In another cohort of CheckMate040, nivolumab was combined with CTLA-4-directed agent ipilimumab (Yervoy). Results from this cohort showed an ORR of 32% (95% CI, 20%-47%), 13% (95% CI, 15%-41%), and 14% (95% CI, 17%-43%) across 3 different dosing schedules that enrolled 50, 49, and 49 patients, respectively.18
Following the success of tislelizumab monotherapy in the first-line treatment of patients with HCC, investigators initiated the phase 2 RATIONALE-208 study (NCT03419897) to evaluate the agent in patients who had already been treated with either sorafenib or lenvatinib. The primary end point was ORR.19
Findings from the trial showed an ORR of 13.6% (95% CI, 9.5%-18.7%), including 2 complete responses, among 249 patients. Notably, the median DOR was not reached. Investigators concluded that the agent was clinically active and well tolerated beyond the first-line setting.19
In an effort to further expand the treatment options for previously treated patients with HCC, investigators are currently recruiting patients to the phase 3 IMbrave251 trial (NCT04770896). The trial will compare the safety and efficacy of atezolizumab with lenvatinib or sorafenib with that of lenvatinib or sorafenib monotherapy in patients with HCC who previously received atezolizumab and bevacizumab. The trial is aiming to enroll approximately 554 patients.

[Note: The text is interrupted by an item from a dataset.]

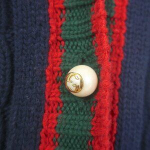 GUCCI BEE-EMBROIDERED CARDIGAN NAVY WOOL RIBBED KNIT SIZE SMALL V-NECK SWEATER
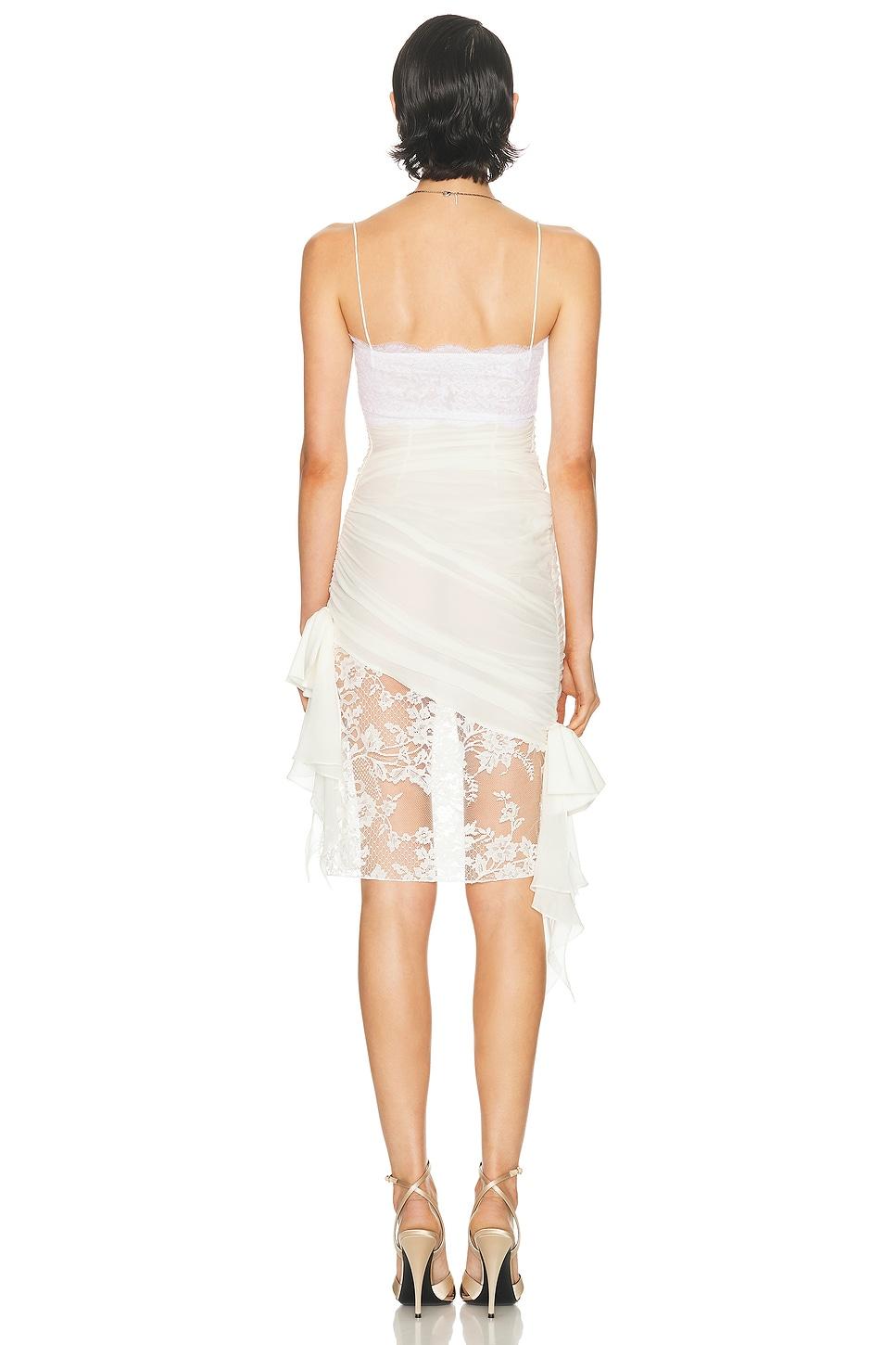 dressSelf 1: 100% silkSeld 2: 75% cotton, 25% polyamideSelf 3: 72% polyamide, 28% viscoseLining: 100% silk / Made in Italy / Specialist dry clean only / Fully linedGarment is made with a semi-sheer fabric, undergarments can show through / Hidden side zipper closure / Chiffon textile with lace trims / Draped designDecorative bows at sides / Our Style No. ARIF-WD181 / Manufacturer Style No. FABX4123 / Model is wearing size 36.

The primary end point is OS.20
“My take-home message is that we’re very lucky and now we have all these options [in HCC],” Llovet said. “Twenty years ago, [it] was best supportive care for patients with advanced stage HCC. I envision another revolution in the next 2, 3, or 4 years that will be systemic therapies evaluated in combination or evaluated in head-to-head trials.”